We normally assume it is wisdom that comes from experience. No doubt this is true for some of us. But I wonder if what we think of as wisdom is based on a healthy foundation of patience. Let me give you one small example to illustrate the idea.
Have any of you ever been away from work and neglected to respond to an URGENT request, only to find the matter resolved upon your return? If you have ever managed to step entirely away from your work for a week or more, I expect you've experienced this. What can we learn from this phenomenon?
Well, it could be that people are incautious in their requests, and label them "URGENT" when they are not urgent. Or perhaps, for matters that are truly urgent, the requestor finds another way to satisfy their request when they realize you are absent. Either scenario might lead you to ask yourself, "Why did they come to me in the first instance when there was another way for them to get what they needed?"
Maybe the request falls clearly within the scope of your job. Then I think we would agree it is reasonable for people to ask you for help. Most of us are not bothered by legitimate requests, so long as they are legitimately delivered. A legitimate request becomes an inappropriate burden to us when the person simply sits on it for no good reason other than their poor time management.
We've all experienced a request for expedited service only to realize our counterpart could have asked for our help weeks earlier. I don't know about you, but it burns me up to respond in crisis mode when an issue has become a burning issue because of someone else's negligence.
My Chairman asked us to follow two simple rules when making requests of others.
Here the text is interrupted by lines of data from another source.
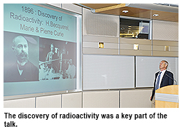 Professor Brézin then took us back to the time of Pierre and Marie Curie and their pioneering work on radioactivity and explained how it led into conceptual questions about energy and matter. Their discoveries—and those of others, such as Ernest Rutherford, who, among many other innovations, outlined the structure of the atom—led to theorising about the nucleus of the atom, half-life decay, isotropes, and the neutron and the neutrino—the last one first hypothesised by Wolfgang Pauli, who said of it: “I have postulated a particle that cannot be detected”.
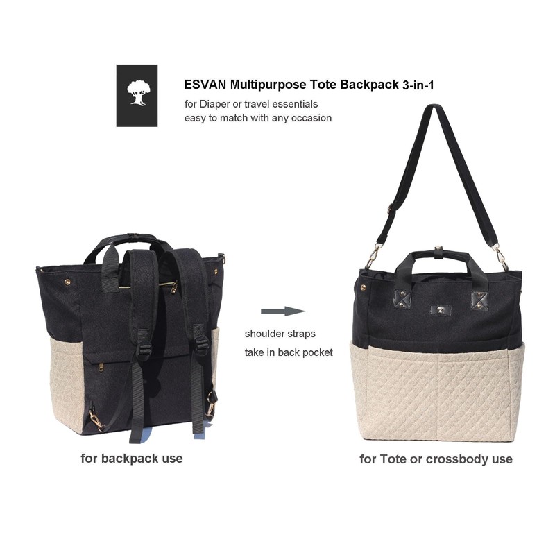 ESVAN Diaper Tote Bag Totepack Backpack Crossbody Bag 3 in 1 for Women Laptop Backpack Multifunctional with Insulated Pockets (Linen Beige)
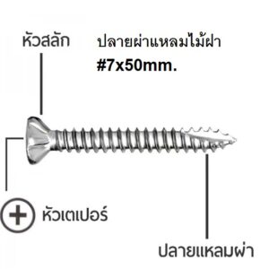 สกรูปลายผ่าแหลมไม้ฝา 7x50mm.
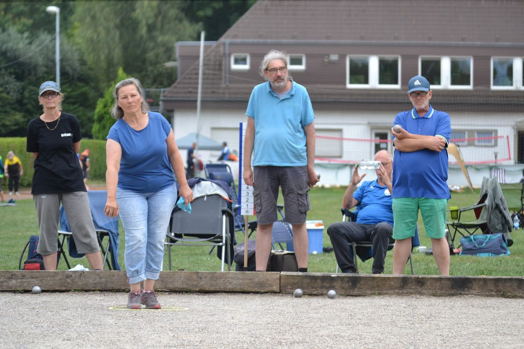 dabei. 15 von 49 Teams konnten sich für die Landesmeisterschaft qualifizieren. Die Deutsche Meisterschaft ist am 13./14. September 2025 in Berlin-Tegel geplant. Gespielt wurden 5 Runden á 75 Minuten plus 2 Aufnahmen. Drei Saarner Teams konnten sich für die Landesmeisterschaft in Köln PCC qualifizieren. Birgit Lübke/ Britt Ullrich (Bochum Diaboulo)/ Angelo Evangelio (Gelsenkirchen Balistique) wurden mit 5:0 Siegen Bezirksmeister. Petra Droll/ Ralf Moritz/ Thomas Dinkelbach wurden mit 4:1 Siegen Dritter und Martina Reh/ Richard Krajewski/ Rainer Engler mit 3:2 Vierzehnter.
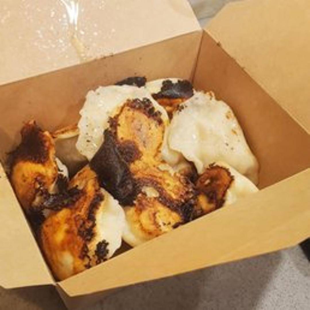 Ten delicious pan-fried dumplings filled with a savory mixture of juicy chicken and crisp cabbage. These dumplings are expertly crafted with a thin, delicate skin that crisps beautifully when pan-fried, offering a delightful textural contrast to the flavorful filling. Served with a dipping sauce.
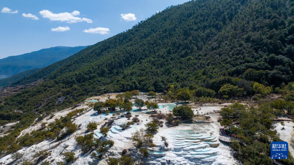 3月10日在香格里拉市三坝乡拍摄的白水台一景(无人机照片)。 白水台位于云南省迪庆藏族自治州香格里拉市三坝乡,海拔2380米,面积约3平方公里。由于碳酸钙溶解于泉水,形成了白水台如今的自然奇观,被称为“白云遗落在人间的地方”。 新华社记者 胡超 摄pagebreak
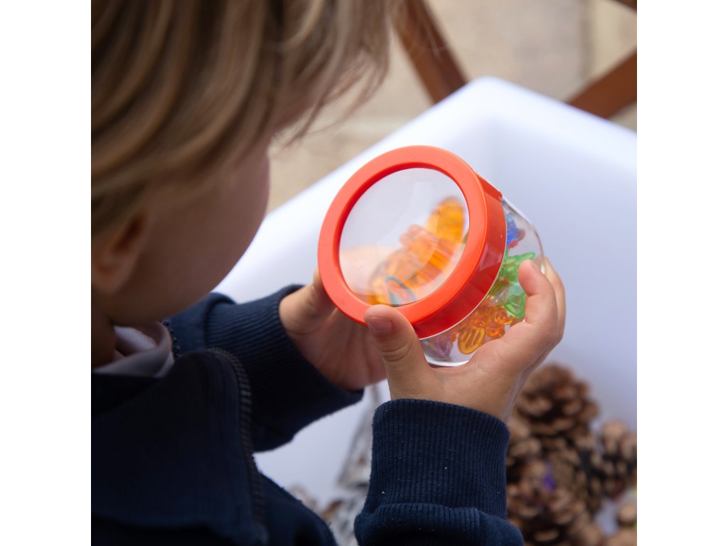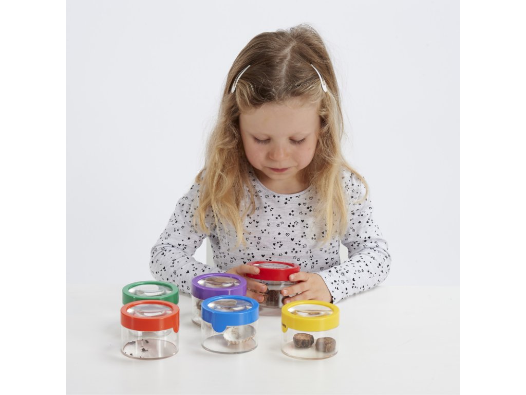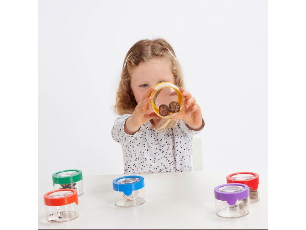 Barevné pozorovací nádobky jsou skvělou pomůckou do přírody, ale také na smyslohraní. Pozorujte broučky, kamínky, květiny nebo třeba barevné mušle. Nádoby můžete zakoupit po 1 kuse. Barvu zašleme dle dostupnosti (ale můžete uvést svou preferenci do poznámky - zelená, žlutá, červená, oranžová, modrá, fialová). Nebo můžete pořídit rovnou cenově výhodný set 6 pozorovacích nádobek a děti mohou najednou pozorovat více věcí. Nádobky můžete také doplnit o průsvitné barvené pinzety a duhové naběračky. Vhodné pro děti od 3 let.
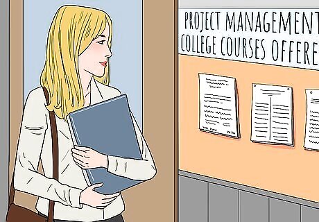 Take 2–3 college-level classes to learn about project management. If you aren’t a college student, you will still need some relevant education to land a project manager job within the IT field. Enroll at a local community college that offers project management courses, and take a couple of courses. Focus on taking courses that build up areas that currently are not your strengths. For example, if you haven’t done much work with business systems analysis or cost and scheduling control, take courses in those areas. The project management certifications require that you have at least 35 hours of education, and community college coursework is a great way to earn those hours!
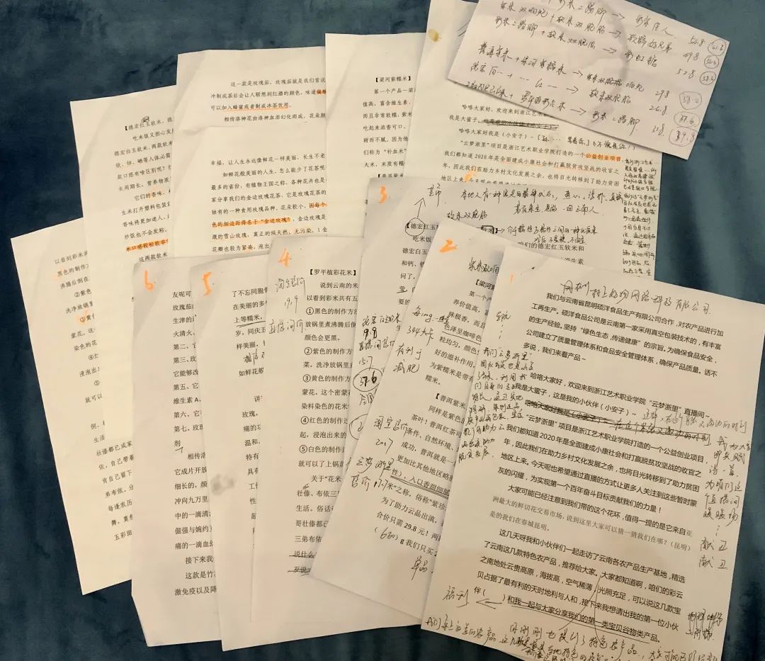 八个民族的米,就有八个民族的故事,金边玫瑰的形味与小玫瑰、玫瑰荚的区别究竟在哪,什么烹饪方式更能激发菌菇的鲜美……实践团直播组的队员们很早就开始多方研究直播方式及语言特点,他们自主设计制作背景板、购置直播灯、撰写直播文本、深入东川电商产业区实地学习,一遍遍试播推演,一字字挖掘云品故事。一场不长的直播,台下是厚厚的脚本稿件,是他们从着装到摆台的细致思考,“欢迎来到浙江艺术职业学院’云梦浙里’直播间”,云品故事,就这样娓娓道来。
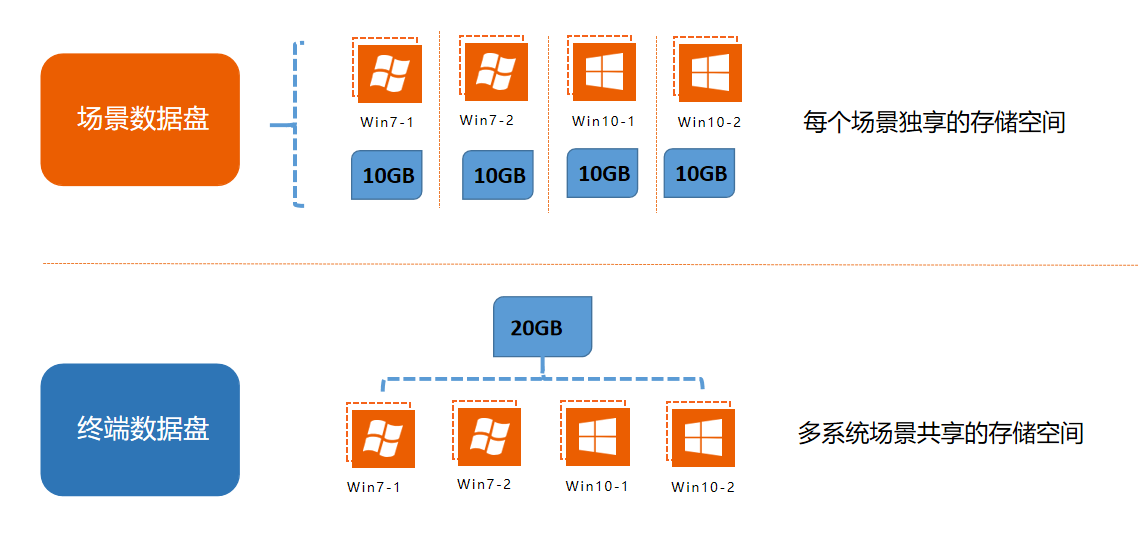 场景数据盘和终端数据盘用于存放用户需要放置在VOI终端上留存的数据。场景数据盘专属于某一VOI桌面专用,终端数据盘可被终端上所有VOI桌面共用,灵活满足不同终端数据存放需求。

I try hard to honor these rules in all cases:
- Always assume the person you are approaching is as busy as you are. They are not sitting idle waiting for your request. Your proposed deadline must take the recipient's busy schedule into account.
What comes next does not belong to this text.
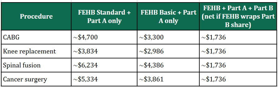 Part A + B column: mainly the Part A deductible in these examples if secondary FEHB covers Medicare’s remaining patient responsibility on covered services. Outpatient-only procedures, multiple surgeons, non-covered services, or different networks would change results.

- After considering the first point, tailor your proposed deadline to the difficulty of the task. You should propose a shorter deadline for responses that take only a moment to deliver. But allow more time for tasks that take more time.
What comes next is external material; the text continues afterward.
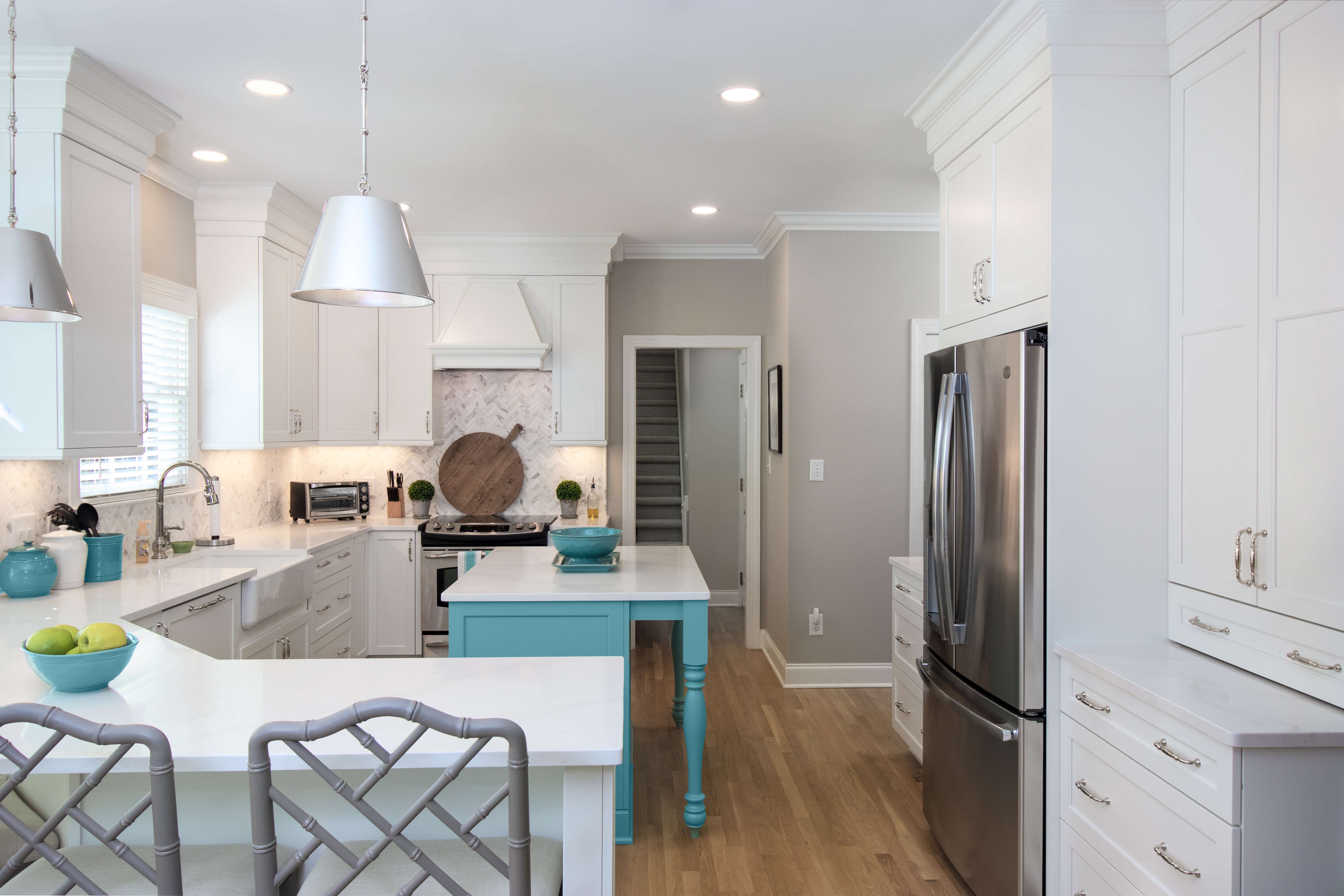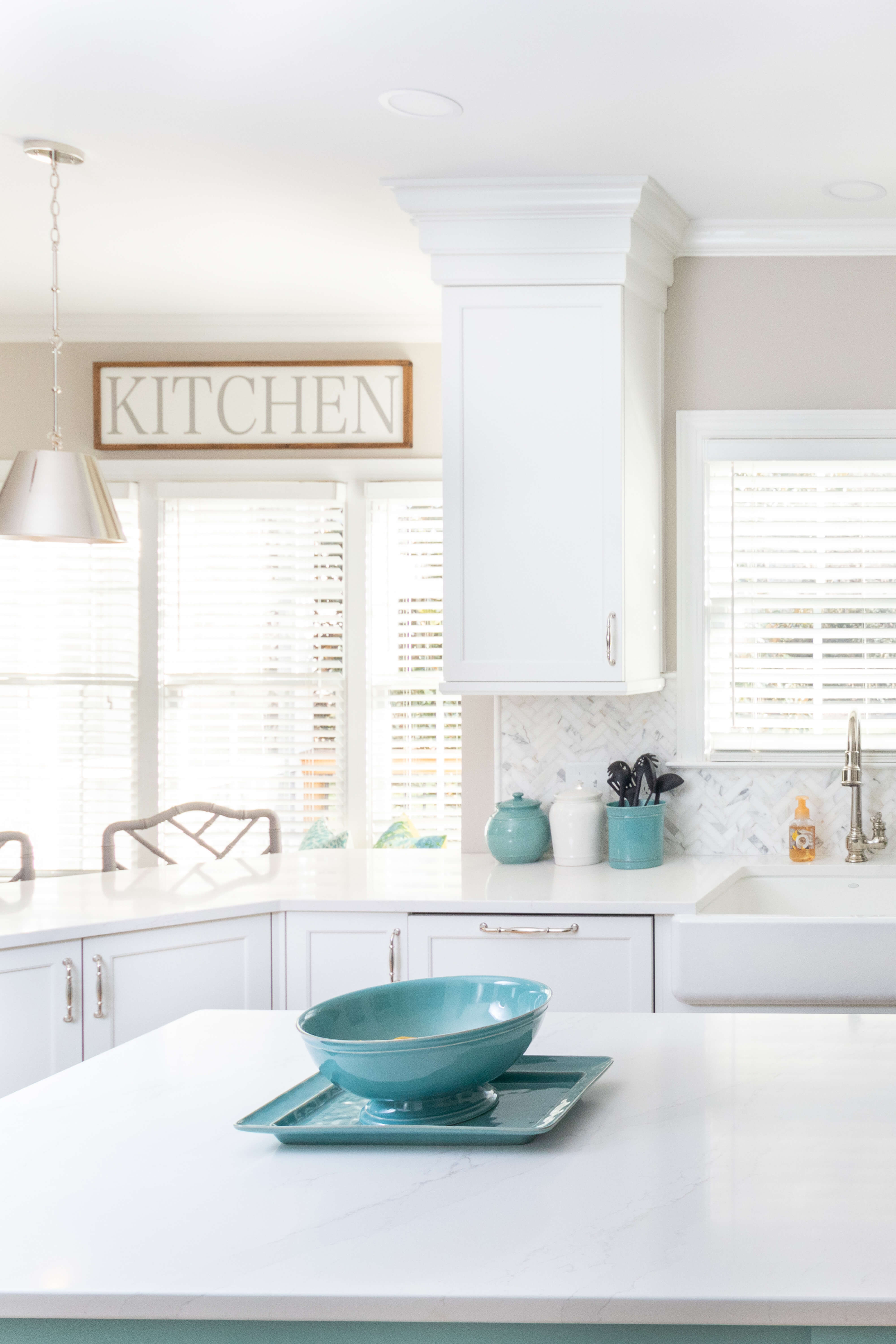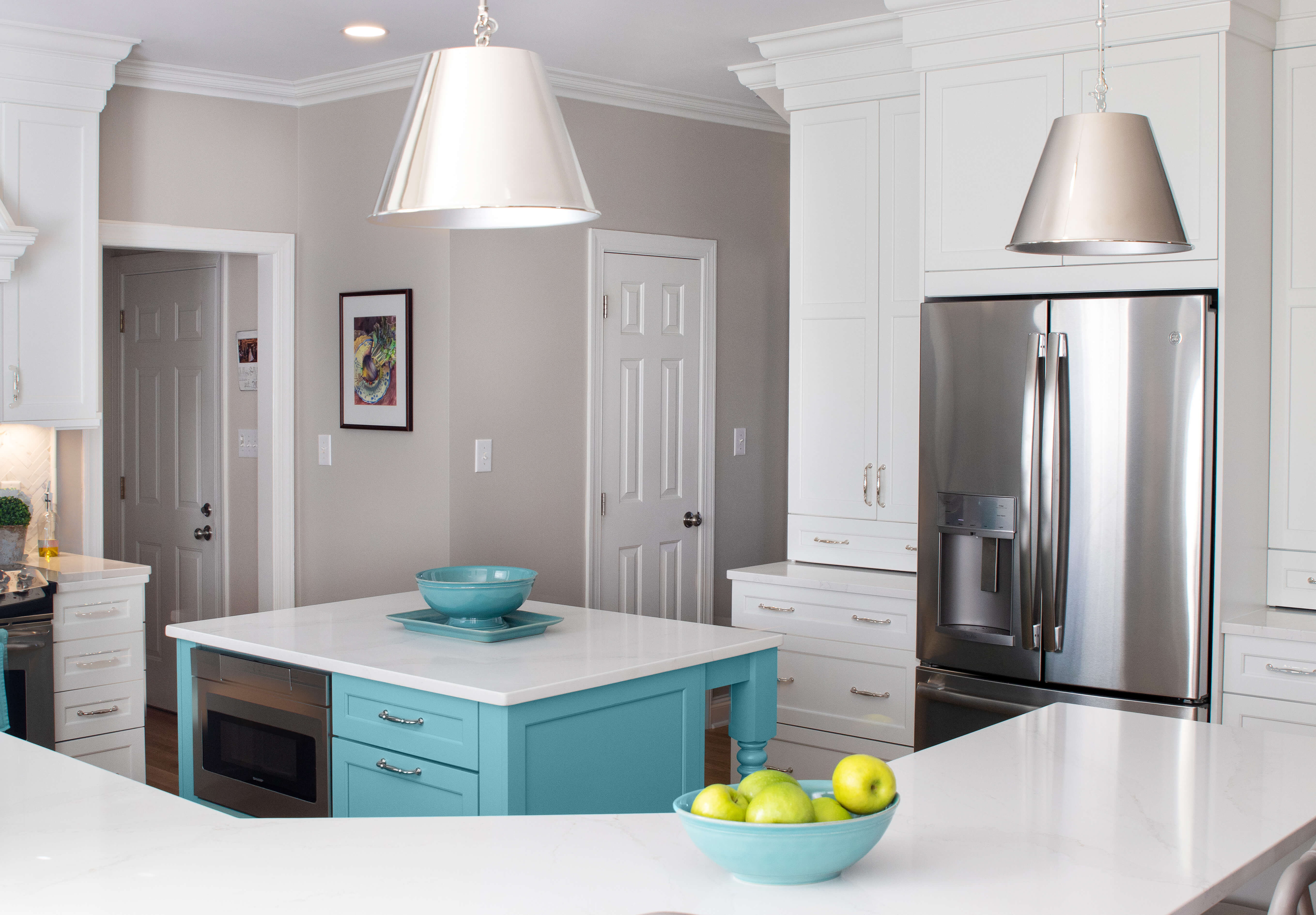 The couple was seeking an elegant and coastal-inspired kitchen with a burst of their style and personality. They already owned a collection of beautifully bright ocean blue mixing bowls and cooking décor. Michelle found a very similar paint color to match called “Lakeshore” by Sherwin-Williams. After a quick meeting, and some initial thoughts, this color became the primary inspiration for the design.

You might find these rules blindingly obvious and simple. I do, too. But ask yourself how often people observe the rules in practice, and you will appreciate the beauty of learning to follow them yourself.
This all relates to legitimate requests, i.e. those on topics within the scope of our jobs. How shall we think about requests that fall outside the scope of our jobs? For all the things that we must do, there are a great number that we could do. And because we are conscientious, hard-working, and competent, in our heart of hearts we know we can do many things better than our work colleagues themselves.
Have you ever found yourself doing something that was technically a co-worker's job? Maybe they asked you nicely and you didn't want to say no. Maybe you knew you could do it relatively quickly and it would save you time later not to have to correct their sloppy work.
Whatever your rationale, consider that you may be sabotaging your own success. If you have any meaningful responsibilities, then you are already busy. If you are working strategically, then you have already set your own priorities. Yes, we adjust our priorities according to external circumstances. But adjusting your priorities to suit a colleague's laziness or incompetence only enables them and harms you.
Now I suspect you are more tactful than I am and would never call your colleagues lazy or incompetent, at least not to their faces. This is where patience masquerading as wisdom comes to your rescue. No matter what type of URGENT requests you receive, simply continue to do your own work according to your own priorities:
- The person who is trying to get you to do their work for them will see that you do not rise to the bait. They will eventually look elsewhere with no drama.
- The person who has mismanaged their time needs to suffer consequences for their failure. Let them. Even if this means they try to escalate to your boss. If they have caused a crisis for you by their own poor time management, your boss will also see it.
- And if an unexpected, truly urgent topic comes up that deserves your immediate attention according to your pre-determined strategy and priorities, you may work on it with a clean conscience. But only then.
So in sum: stick to your own priorities. No need for an ugly confrontation. No need for bitterness. Only patience. Maybe that's true wisdom after all.
In this week's Moral Letter 049 On How All Things End, I discuss how we are all affected by the passage of time. How in our youth we are wasteful of time, and only in middle and later age do we start to take note and enjoy our lives as we are living them:
Knowing finally that every hour contains but sixty minutes, and every minute but sixty seconds, each moment seems infinitely more precious to us precisely because we know they are slipping through our fingers, never to return. What irony that it takes a life to learn that we should take none of our lives for granted!
Is there any way to become mindful without age and experience? I believe philosophy holds a potential key, and Stoicism in particular.
In Moral Letter 050 On Those Who Will Not See, I discuss how taking direct responsibility for our thoughts and feelings may be one such key. This is both good news and bad news. Bad news because we are largely the cause of our own unhappiness by virtue of our thoughts. Those same thoughts, however, are the route to our salvation:
We can wish for what we have not and so make ourselves unhappy, and choose to consume our particular poison and so make ourselves unwell. But who says we can only wish for and choose that which makes us miserable and sick? I grant you full agency over your thoughts, my dear Deuteros, and I urge you to see clearly and use your power wisely.
It is mindfulness itself that grants us agency over our thoughts. We can think ourselves unwell, or well. To be well, all we need is the patience to slow down and consider what it is that truly will make us happy.